*TASK DETAILS*: Output exactly the lines that run from the start of the records to the line with "This cordless oscillating", counting both ends, and skip the pictures.

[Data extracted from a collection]
◇ ◇ ◇ ◇
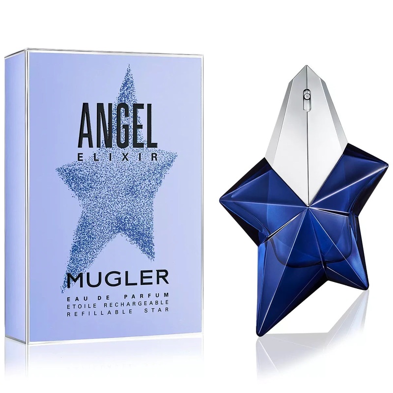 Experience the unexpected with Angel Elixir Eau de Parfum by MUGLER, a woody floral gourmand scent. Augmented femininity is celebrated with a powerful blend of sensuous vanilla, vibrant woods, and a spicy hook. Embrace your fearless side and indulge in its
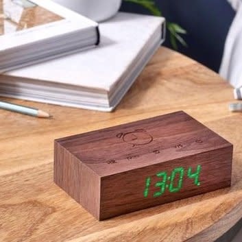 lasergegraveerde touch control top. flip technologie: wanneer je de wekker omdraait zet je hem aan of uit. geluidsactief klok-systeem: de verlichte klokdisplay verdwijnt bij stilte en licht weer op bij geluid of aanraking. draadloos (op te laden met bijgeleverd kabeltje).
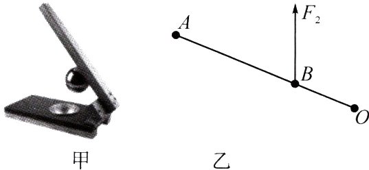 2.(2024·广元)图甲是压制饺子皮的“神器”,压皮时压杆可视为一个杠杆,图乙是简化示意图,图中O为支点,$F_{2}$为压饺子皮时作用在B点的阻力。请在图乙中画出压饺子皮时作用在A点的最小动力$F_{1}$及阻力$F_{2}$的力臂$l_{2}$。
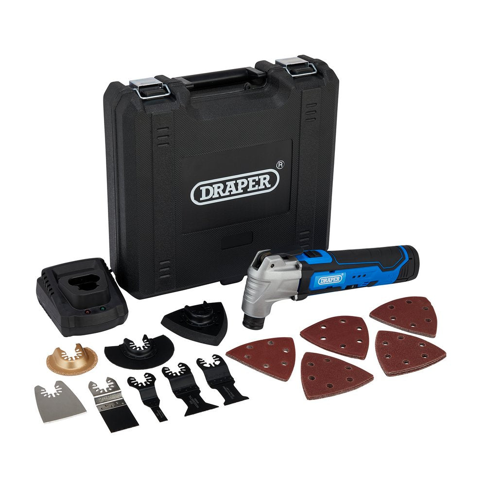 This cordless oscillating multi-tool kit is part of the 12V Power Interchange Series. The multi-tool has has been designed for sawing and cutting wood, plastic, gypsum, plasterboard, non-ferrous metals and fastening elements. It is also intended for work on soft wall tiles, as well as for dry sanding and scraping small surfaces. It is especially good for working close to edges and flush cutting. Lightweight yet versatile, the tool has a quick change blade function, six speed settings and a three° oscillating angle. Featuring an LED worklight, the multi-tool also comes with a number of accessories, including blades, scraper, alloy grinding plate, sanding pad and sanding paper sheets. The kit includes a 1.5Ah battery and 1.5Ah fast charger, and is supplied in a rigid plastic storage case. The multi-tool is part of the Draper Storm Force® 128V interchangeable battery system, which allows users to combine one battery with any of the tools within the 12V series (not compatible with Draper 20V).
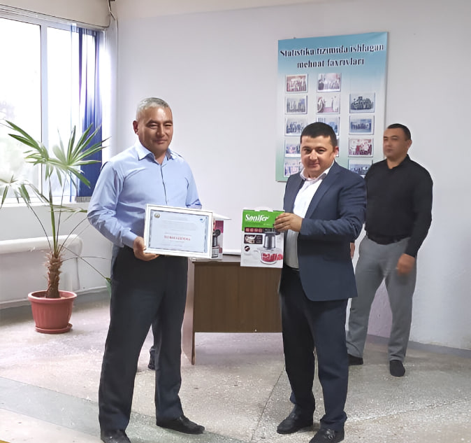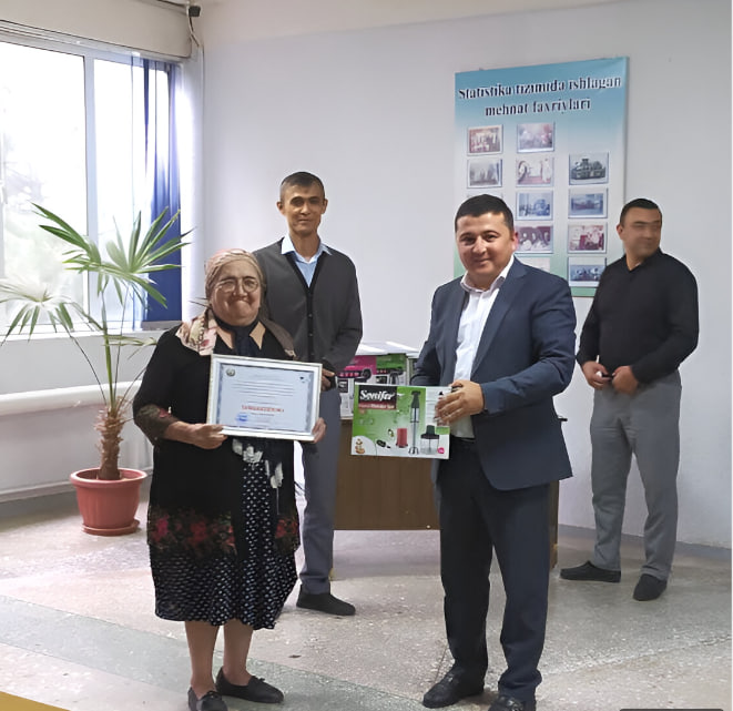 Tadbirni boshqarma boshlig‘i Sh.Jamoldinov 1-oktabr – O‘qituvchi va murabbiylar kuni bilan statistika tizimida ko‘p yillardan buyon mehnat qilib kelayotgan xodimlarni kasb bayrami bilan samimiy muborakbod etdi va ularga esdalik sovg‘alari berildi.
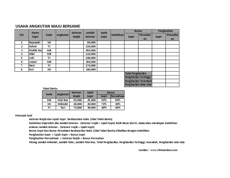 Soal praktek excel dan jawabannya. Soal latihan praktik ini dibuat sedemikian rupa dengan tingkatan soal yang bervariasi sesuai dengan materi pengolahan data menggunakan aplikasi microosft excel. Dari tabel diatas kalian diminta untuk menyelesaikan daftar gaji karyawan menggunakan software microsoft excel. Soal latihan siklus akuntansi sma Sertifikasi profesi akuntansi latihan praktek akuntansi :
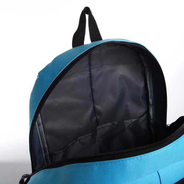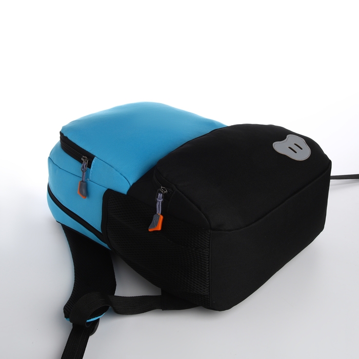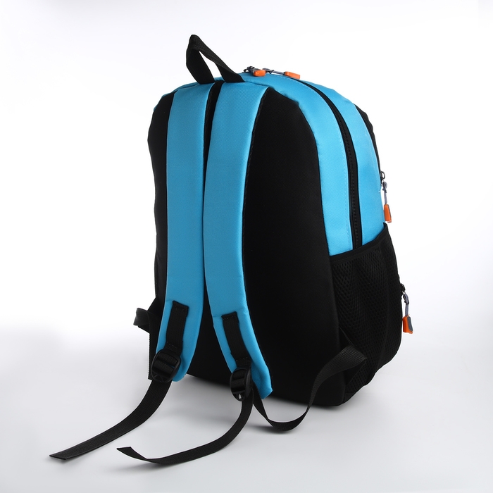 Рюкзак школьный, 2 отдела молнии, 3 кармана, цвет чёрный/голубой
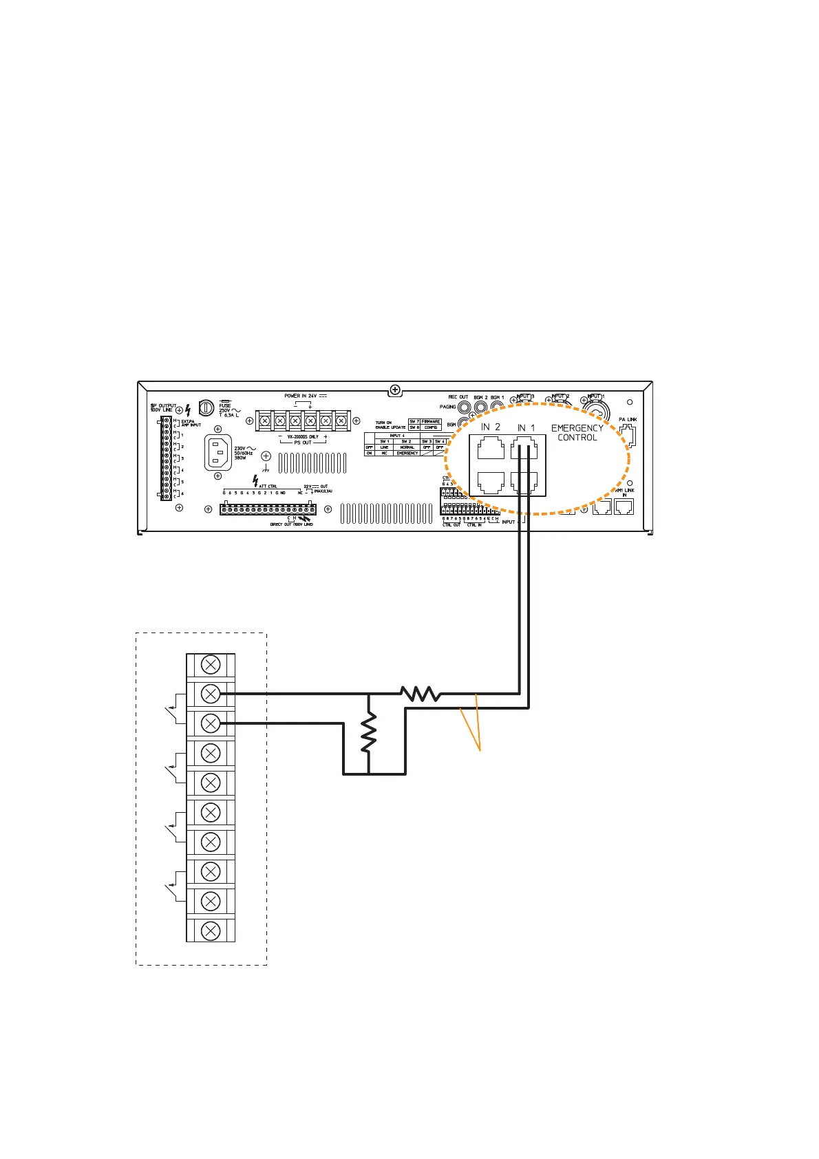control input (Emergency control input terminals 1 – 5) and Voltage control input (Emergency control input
◇ ◇ ◇ ◇
*SOLVED PROBLEM*:
 Experience the unexpected with Angel Elixir Eau de Parfum by MUGLER, a woody floral gourmand scent. Augmented femininity is celebrated with a powerful blend of sensuous vanilla, vibrant woods, and a spicy hook. Embrace your fearless side and indulge in its
 lasergegraveerde touch control top. flip technologie: wanneer je de wekker omdraait zet je hem aan of uit. geluidsactief klok-systeem: de verlichte klokdisplay verdwijnt bij stilte en licht weer op bij geluid of aanraking. draadloos (op te laden met bijgeleverd kabeltje).
 2.(2024·广元)图甲是压制饺子皮的“神器”,压皮时压杆可视为一个杠杆,图乙是简化示意图,图中O为支点,$F_{2}$为压饺子皮时作用在B点的阻力。请在图乙中画出压饺子皮时作用在A点的最小动力$F_{1}$及阻力$F_{2}$的力臂$l_{2}$。
 This cordless oscillating multi-tool kit is part of the 12V Power Interchange Series. The multi-tool has has been designed for sawing and cutting wood, plastic, gypsum, plasterboard, non-ferrous metals and fastening elements. It is also intended for work on soft wall tiles, as well as for dry sanding and scraping small surfaces. It is especially good for working close to edges and flush cutting. Lightweight yet versatile, the tool has a quick change blade function, six speed settings and a three° oscillating angle. Featuring an LED worklight, the multi-tool also comes with a number of accessories, including blades, scraper, alloy grinding plate, sanding pad and sanding paper sheets. The kit includes a 1.5Ah battery and 1.5Ah fast charger, and is supplied in a rigid plastic storage case. The multi-tool is part of the Draper Storm Force® 128V interchangeable battery system, which allows users to combine one battery with any of the tools within the 12V series (not compatible with Draper 20V).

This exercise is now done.